Por: Fernando Molica

O recado foi geral

Como fugir do sistema atual? Privatizar ou não? | Foto: Divulgação

Mais do que um recado apenas para a esquerda, a vitória do extremista Javier Milei na Argentina representa uma mensagem clara para os tantos políticos — de todas as tendências — que ajudaram a criar e consolidar a imagem do Estado como organização destinada a manter e aumentar privilégios de determinados grupos.

É bem improvável que o presidente recém-eleito vá mesmo romper com um sistema que, muitas vezes, parece existir só em benefício de alguns. O fundamental é que Milei conseguiu a façanha de ser identificado como alguém capaz de romper com um Estado privatizado por interesses que vão das incontáveis tendências peronistas às demandas de um setor empresarial também agarrado ao casco público.

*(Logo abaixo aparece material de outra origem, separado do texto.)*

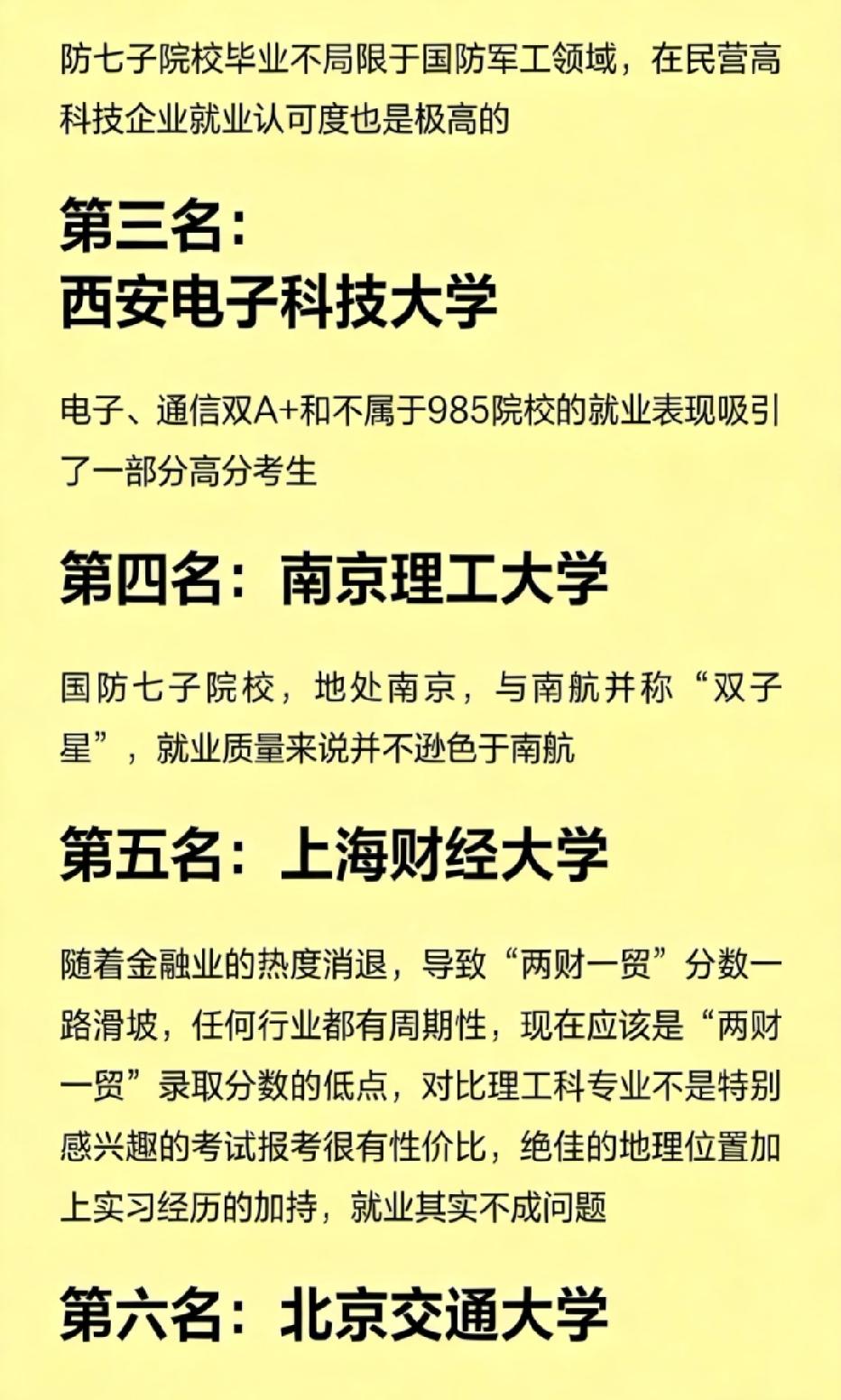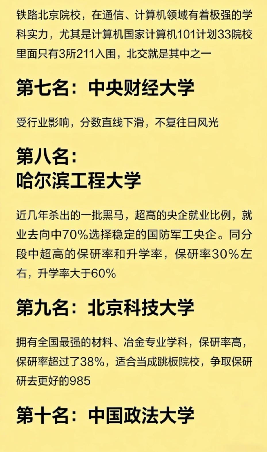 理科生必看10所“比985还香”的211院校! 在国内高校中,不少211凭借顶尖学科和区位优势,在理科领域的实力和就业表现,甚至超过了很多985。以下是理科生眼里含金量最高的10所211: 1. 北京邮电大学:通信、计算机顶尖,录取线直逼985,互联网、通信行业“黄埔军校”。 2. 南京航空航天大学:国防七子,江浙沪区位优势明显,录取分超西电,军工与民企就业双优。 3. 西安电子科技大学:电子、通信双A+,就业不输985,是电子信息领域的“实力派”。 4. 南京理工大学:国防七子,与南航并称“双子星”,兵器、自动化等专业就业强劲。 5. 上海财经大学:金融学科实力强,虽受行业周期影响分数下滑,但上海区位+实习资源,就业仍有保障。 6. 北京交通大学:铁路强校,通信、计算机实力突出,是国家计算机101计划中仅有的3所211之一。 7. 中央财经大学:财经强校,北京区位优势明显,金融、体制内就业竞争力强。 8. 哈尔滨工程大学:近年黑马,70%毕业生进入国防军工央企,保研率约30%,升学率超60%。 9. 北京科技大学:材料、冶金全国顶尖,保研率超38%,是进入更好985的优质跳板。 10. 中国政法大学:法学顶尖,北京实习资源丰富,与中财同为唯二拥有中央选调生资格的211。 这些211院校虽然没有985的头衔,但在各自的优势领域里,都是当之无愧的“行业黄埔”。对于理科生来说,选择这些学校的王牌专业,往往比去一所综合排名更高但专业实力一般的985,未来发展空间更大。 你觉得这10所211里,哪所最值得理科生报考?欢迎在评论区聊聊你的看法。

Claro que seu foco principal é a esquerda amalgamada com a difusa e sempre adaptável herança de Juan Domingo Perón (1895-1974), um guarda-chuva capaz de abrigar os mais variados personagens políticos. Não é de hoje que a direita argentina critica a visão estatizante, a lógica corporativa e a defesa de privilégios estatais que emanam do ideário do ex-presidente. Algo, em menor grau, também presente na tradição da esquerda brasileira.

Mas quem disse que, lá como aqui, setores que se apresentam como liberais também não fazem do Estado um grande instrumento de promoção e defesa de seus interesses privados? Não dá pra chamar de bandeiras da esquerda os intermináveis incentivos fiscais a grandes setores, os privilégios sempre renovados do Poder Judiciário e de outras instituições do universo jurídico, como o Ministério Público.

Ou alguém acha razoável que esses funcionários públicos tão bem remunerados possam, por exemplo, tirar dois meses de férias? O mesmo vale para os militares que, além de incontáveis vantagens, conseguiram transformar em vantajosa para eles uma reforma da previdência que limitou ganhos de praticamente todo o resto da população.

Beneficiados pelo mercado de compra e venda de votos no Congresso, políticos acumulam cada vez mais poder e recursos, num governo de direita ou de esquerda. A Codevasf virou símbolo de estatal ocupada por interesses específicos de caciques que usam dinheiro público para o cultivo e de interesses que, com frequência, são pra lá de duvidosos. 

Esta percepção de privatização do Estado (conceito que ouvi pela primeira vez de Roberto Freire, então candidato a presidente pelo PCB em 1989) não é nova: Fernando Collor de Mello e Jair Bolsonaro chegaram ao poder prometendo combater o mau uso do nosso dinheiro. Collor foi defenestrado ao montar esquemas que  contrariavam interesses estabelecidos (até na corrupção há lugares marcados nas janelinhas); Bolsonaro, para não receber cartão vermelho, teve que se compor com os suspeitos de sempre — que, hoje, batem ponto no governo Lula.

Movido por um sebastianismo platino, pela nostalgia de uma Argentina que sobrevive nas imagens em preto e branco e nos tangos de Gardel, dono de um plano econômico difuso, Milei tende a fracassar como seus antecessores, de esquerda ou de direita. Ele, agora, se aproveita de um descrédito com as instituições democráticas e o sistema representativo. Mas sabe que está na fila para ser mais um a solapar a confiança do eleitor. Seu maior conselheiro político — o fantasma de seu cãozinho de estimação — já deve ter latido isso pra ele.